This time around we have also asked the representatives of the authorities, diplomatic corps, international institutions, business associations, media and many others to express their views on the possible re-arrangement of power in the world, the European and regional political scene, the influences on Serbia’s accession to the EU, economic development, investments in culture, and as an inevitable question this year, elections which are taking place in many countries, including Serbia. We talked to CVIJETIN MILIVOJEVIĆ, Political expert and owner of the Pragma PR agency
Serbia is facing another election year, with certain political parties announcing an election boycott. How good or bad can that be? Can it change the current situation?
There are currently no conditions for a fair, demographic, regular elections. Public service broadcasters and TV stations with national frequencies, which are the dominant channel of public communication in Serbia, do not provide information but rather misinformation, and some of them disqualify, discriminate and target every critical public word. Parliamentary elections overlap the municipal and city elections, so the election lists that bear only the name of the President of Serbia overshadow the civil right to democratic elections. The election winner is already known in advance and it is likely that regardless of the voter turnout, a government that will be formed based on of the results of such elections will not have democratic legitimacy. Since more than a half of the registered voters rarely vote in Serbia and because the elections are boycotted by an alliance of the strongest opposition parties, it is clear that this delegitimization of a certain victory of the Serbian Progressive Party in the October elections will very soon result in new, early elections, that is before the end of the term of the future government.
In the light of the latest turbulences in Montenegro, Bosnia and Herzegovina and North Macedonia, as well as the elections in Kosovo and Croatia, what are the region’s prospects?

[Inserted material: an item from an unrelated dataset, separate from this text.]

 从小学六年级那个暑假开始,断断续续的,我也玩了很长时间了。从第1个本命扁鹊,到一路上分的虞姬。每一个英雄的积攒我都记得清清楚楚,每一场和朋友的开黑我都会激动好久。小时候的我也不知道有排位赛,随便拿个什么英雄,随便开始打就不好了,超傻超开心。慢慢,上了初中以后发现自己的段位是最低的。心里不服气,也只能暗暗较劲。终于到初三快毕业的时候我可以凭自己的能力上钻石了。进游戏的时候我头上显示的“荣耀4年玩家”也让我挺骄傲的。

Fortunately or perhaps unfortunately for the people living in the former Yugoslavia, our region’s prospects will not be decided by the governments in these countries and territories, but rather by more powerful individuals in Washington, Moscow, Berlin or Brussels. If it is any consolation, I have not heard that any politician in the four republics of the former Yugoslavia has called for any kind of war. If the dominant international political factor resonates in the same way, there is no reason for these prospects to be bleak.